When James Castle walked into Kraeger’s study, he found him on his knees, going through the cardboard boxes on the floor of his closet. Somewhere in this swarm of shifting papers were the documents divorcing Martin Kraeger from his ex-wife. He had to find them because Kay was making silly demands that were surely not part of their legal agreement.
He sprang to his feet and shook Castle’s hand. “Jim, I never thanked you for sticking up for me about the fire.”
“I was just saying what I thought. Your cigarettes didn’t have anything to do with it. When we left the church that night there wasn’t any smoldering cigarette on the floor or anywhere else.”
“The trouble is, I can’t remember what I did with the stubs. Did I grind them out on the floor? I don’t think I would have done that. I probably rubbed them out on the sole of my shoe, but I’m not absolutely positive. Filthy habit. Thank God I’ve given it up.”
“Look, it’s all over now. I just came in to say goodbye. I’m leaving this afternoon. My mother’s condition keeps getting worse. Actually this is a good ti
me for me to be gone, while Alan voices the pipes. It takes months.”

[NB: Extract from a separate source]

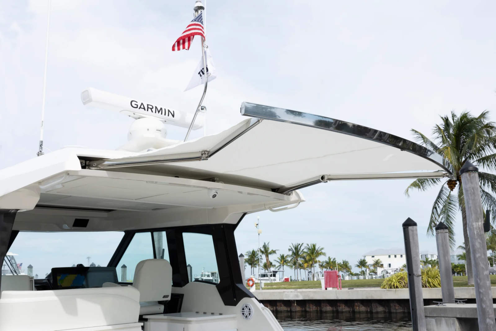 The Tiara Yachts 39 LE is loaded with premium features that elevate your time on the water. The head macerator system provides convenience and efficiency, while the Dometic Voyager® 18,000 BTU cockpit air conditioning system with reverse cycle heat ensures year-round comfort, keeping you cool in the summer and warm during cooler months. The oil changer for the generator streamlines maintenance, allowing you to spend more time enjoying your yacht and less time on upkeep.For anchoring, the all-chain windlass with remote at the helm offers both reliability and ease of use, giving you complete control from the captain’s seat. Entertaining is a breeze with the aft-facing cockpit wet bar options, including a refrigerator and a cockpit TV, perfect for hosting friends and family or relaxing after a day on the water. The synthetic teak decking on the aft cockpit and swim platform adds a touch of elegance and durability, providing a non-slip surface that is both stylish and practical.

“Do you mean the organ can’t be used for months?”
“Oh, no, I don’t mean that. Whenever he finishes one rank of pipes, it will be available. You’ll have to hire a substitute for Sunday services. I don’t know when I’ll be back.” Castle took a step forward, and put his hand on Kraeger’s arm. His voice was constricted. “It’s been a great thing in my life, Martin, making music to go with those good words of yours.”
“For me too. You know that. And there’s plenty more to come. Hurry back.” Kraeger watched with surprise as Castie walked out, blowing his nose. Why was the man so worked up? Well, his mother was at death’s door, why shouldn’t he be worked up? Then Kraeger found himself thinking uncharitably that if Castle’s mother was his own mother, he wouldn’t be sorry she was ill, he’d be intensely relieved. On the one occasion when they had met, the woman had not impressed him favorably, to put it mildly.
It was just last fall. He had made the mistake of dropping in on Castle the day after Thanksgiving without warning. Castle lived at a classy address on Beacon Hill. Martin found it, and pressed the bell. At once he wished he hadn’t. There were wild screams within. They stopped, and after a moment Castle opened the door, his face pale, his pinkish-gray hair standing up around his freckled bald head. Angry faces filled the background. Mumbling with embarrassment, Castle introduced his relatives—a brother, a couple of uncles, a mother, and a feeble-looking younger sister lying on a sofa under a blanket. They all stared blankly at Martin, and muttered something as he nodded amiably at each of them in turn. All except the mother, whose response to his extended hand was to turn around rudely and show her back.